Hayatımızın keyif aldığımız özel anlarından ne zaman vazgeçtik?

Eşimize, dostlarımıza, arkadaşlarımıza seçmesi günlerce süren hediyeler vermekten…

Birbirimize kitaplar, filmler tavsiye etmekten…

Bir bardak çay, bir fincan kahve eşliğinde saatlerce süren dostça sohbetlerden…

Aile albümümüzü açıp çocukluk, gençlik fotoğraflarımıza gülmekten…

Güzelliğe,

Dış görünüşe,

Başarıya çok fazla önem veren bir toplumda…

Sürekli en iyiyi,

En güzeli,

En parlak işleri yapmak uğruna,

Kendimize vakit ayırmaktan ne zaman vazgeçtik?

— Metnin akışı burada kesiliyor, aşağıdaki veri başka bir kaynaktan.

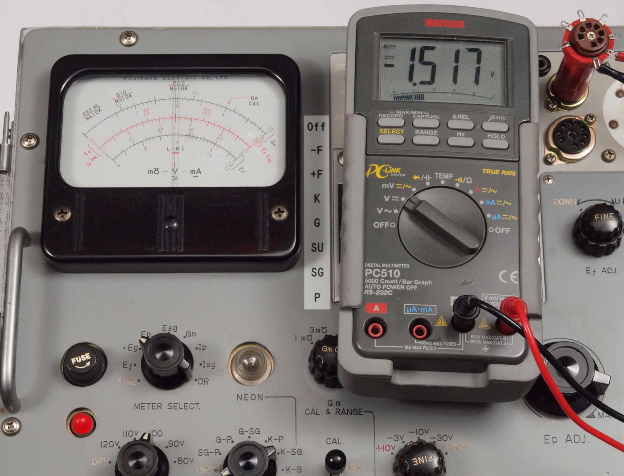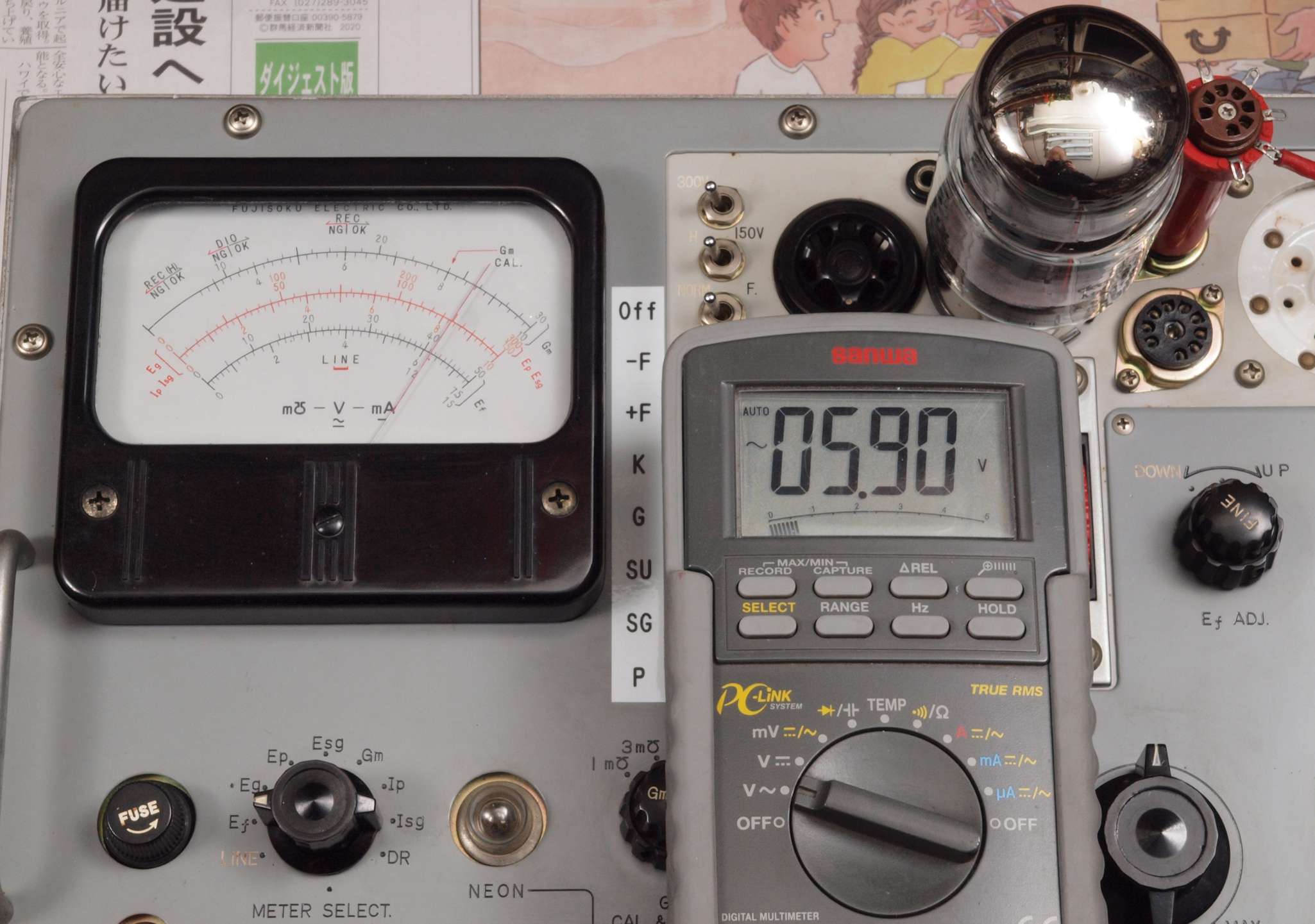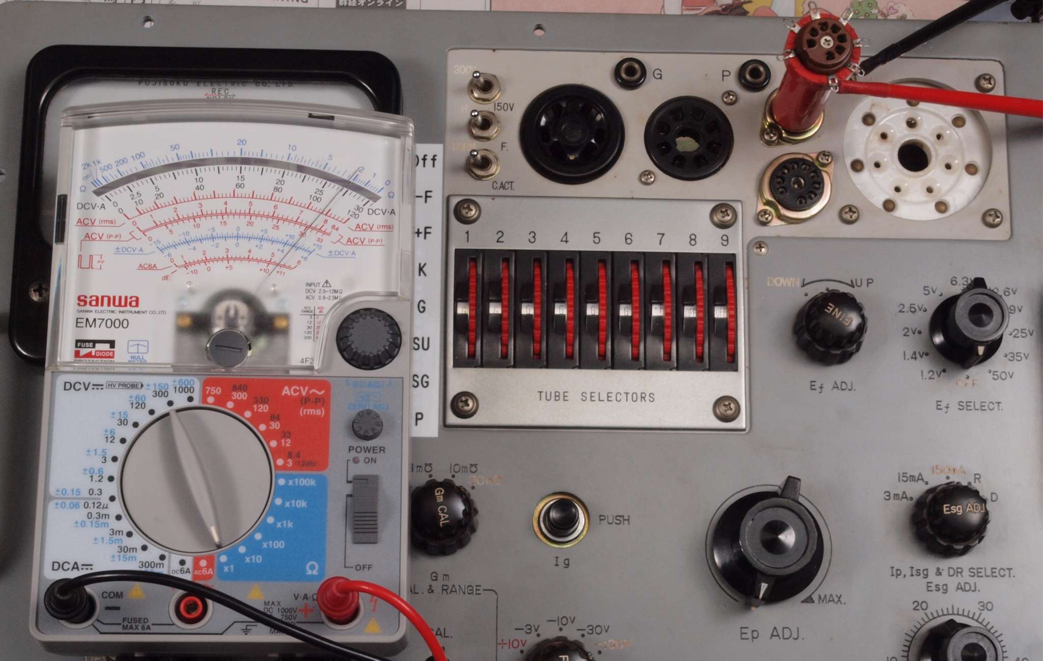 E2. 真空管ピン選択ホイール2番のGの所をドライバーで叩くと、接触不良でフルスケール。

Sonuçta sürekli çok meşgulüz değil mi?

Beklemeye tahammülümüz yok.

Tüm bu özel anlara ayıracak vaktimiz yok.

Sanal” bir dünyanın içinde “gerçek” duyguları yaşamaya ihtiyacımız yok.

İnternetten indiremiyorsak anılarımızın ne anlamı var değil mi?

Yaşamlarımızı tekrar oynatacak “oynat” tuşu nerede?

Öyle ya…

Artık iPhone’larımız, fiber optik internet bağlantılarımız var.

Daha hızlıyız…

Daha hızlıyız…

Daha hızlıyız…

Ama her şeyin daha hızlısı daha iyi demek değil.

Bizler bu hıza yetişmeye çalışırken,

İnsanlarla aynı hızla ilişki, daha derin bağlar, güçlü dostluklar kuramıyoruz.

Kendimizi,

Düşüncelerimizi,

Seçimlerimizi,

Yeniden şekillendirmeye gayret etmiyoruz.

Bırakın tüm bunları;

Ailemize bile vakit ayıramıyoruz.

Ben eski moda ilişkilerden yanayım.

Bu hıza(!) ayak uydurmak yerine,

Sabırla kurulan güvenden yanayım.

Düşünerek atılan adımlardan yanayım.

Birileriyle paylaşmanın mutluluğunu, huzurunu yaşamaktan yanayım…

Çünkü…

Bir yemeği paylaştığın birinden nefret edemezsin.

Bir ekmeği paylaştığın birinden nefret edemezsin.

Acısını, üzüntüsünü, dertlerini paylaştığın birinden nefret edemezsin.

Paylaşırsan, “sevgi” doğar.

Paylaşırsan, farklılıklarınızı değil benzerliklerinizi fark edersin…

Paylaşırsan, aynı fikirde olmasan bile o insanları takdir edersin, onları farklı görmeye başlarsın.